New clause 4 sets out a proposal for the Department of Health and NHS England to implement a new system of national commissioning of repurposed medicines. I think hon. Members understand that I cannot agree in statute, for a whole host of reasons that I will not detain the House with right now, to bind NHS England to that commitment. I will, however, just say this: NHS England is very seized on looking at how it can improve the efficiency of the system and deliver the £22 billion efficiency savings it has committed to. Efficiencies in medicine procurement and prescribing sit four square in that. The NHS is hungry to look at all options for promoting off-label and repurposed drug use. I do not think hon. Members need worry that NHS England needs instructions from me to that effect, but we need to ensure we are giving clinicians access to information on both innovative drugs and innovative uses of existing drugs, so that they are able, with confidence, to recommend and prescribe for their patients medicines that may be appropriate for them.
The hon. Member for Central Ayrshire will understand why I am very wary of legislating to interfere in any way with clinical sovereignty. Much as we in this House might want certain things to happen, we need to be careful not to undermine the sovereignty of clinician and patient, which must be absolutely key.

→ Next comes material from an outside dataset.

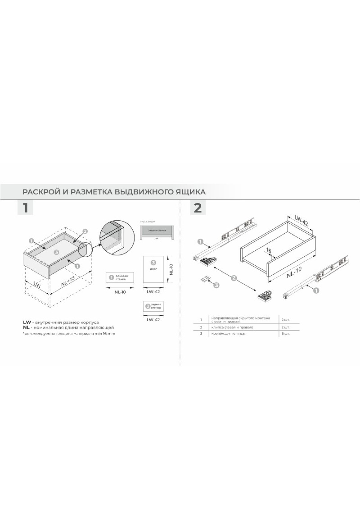 простой монтаж выдвижного ящика на направляющие и быстрый демонтаж;
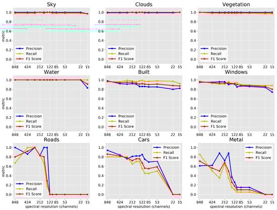 Figure 12 shows the per class performance of the model trained and tested on Scene 1-a with incrementally decreasing spectral resolution, and we find that the metrics for the classification of Building facades and Windows decreases continuously as the spectral resolution is decreased. Moreover, the classification of the other human-built structures (Roads, Cars, and Metal) show fluctuations in performance for higher spectral resolution, but with a generally decreasing trend, and dropping to no detection for resolutions of 122 channels and below for Roads and Metal, and 22 channels and below for Cars. Sky, Cloud, Vegetation, and Water pixels have consistently high rates of correct classification for all spectral resolutions with scores > 0.99 for spectral resolutions of 22 channels and greater, with Sky and Water dropping to a minimum of 0.97 and 0.91 (respectively) at 15 spectral channels. The precision of classification of Vegetation pixels on the other hand remained at 100%, recall above 97%, and score above 0.98 regardless of spectral resolution. These results are further discussed in Section 4.4.

New clause 5 sets out a proposal for the Government to set out a list of statutory stakeholders. This is a familiar issue dealt with in many Bills. I think hon. Members know that it would not be appropriate for us to set out that list in statute, but I am very happy to give the undertaking that the bodies listed in the new clause should, and will be, consulted on and involved in our work plan as we take the proposals forward.
New clause 6, which deals with the question of the “British National Formulary”, is very helpful in terms of giving me a chance to talk about the mechanism that I propose and have just touched on. I am reluctant to name the BNF explicitly in the Bill, not least because it is a commercial product that is not in my gift to control. There are no plans to change its format, but I would hate for us to have legislated for one particular mechanism of information and then find in a few years that it has changed in some way and is no longer appropriate. I am, however, very happy to give an undertaking at the Dispatch Box that we are actively exploring this option and have no reason to think it cannot work. NICE tells me it thinks there is a very good mechanism for it to use its existing powers for gathering evidence to pull together, as part of an evidence review, an evidence-based reassurance to clinicians that a drug has a legitimate off-label, off-patent use, and to include that in the appropriate registry. Today I think that would be the BNF, but that may change in due course.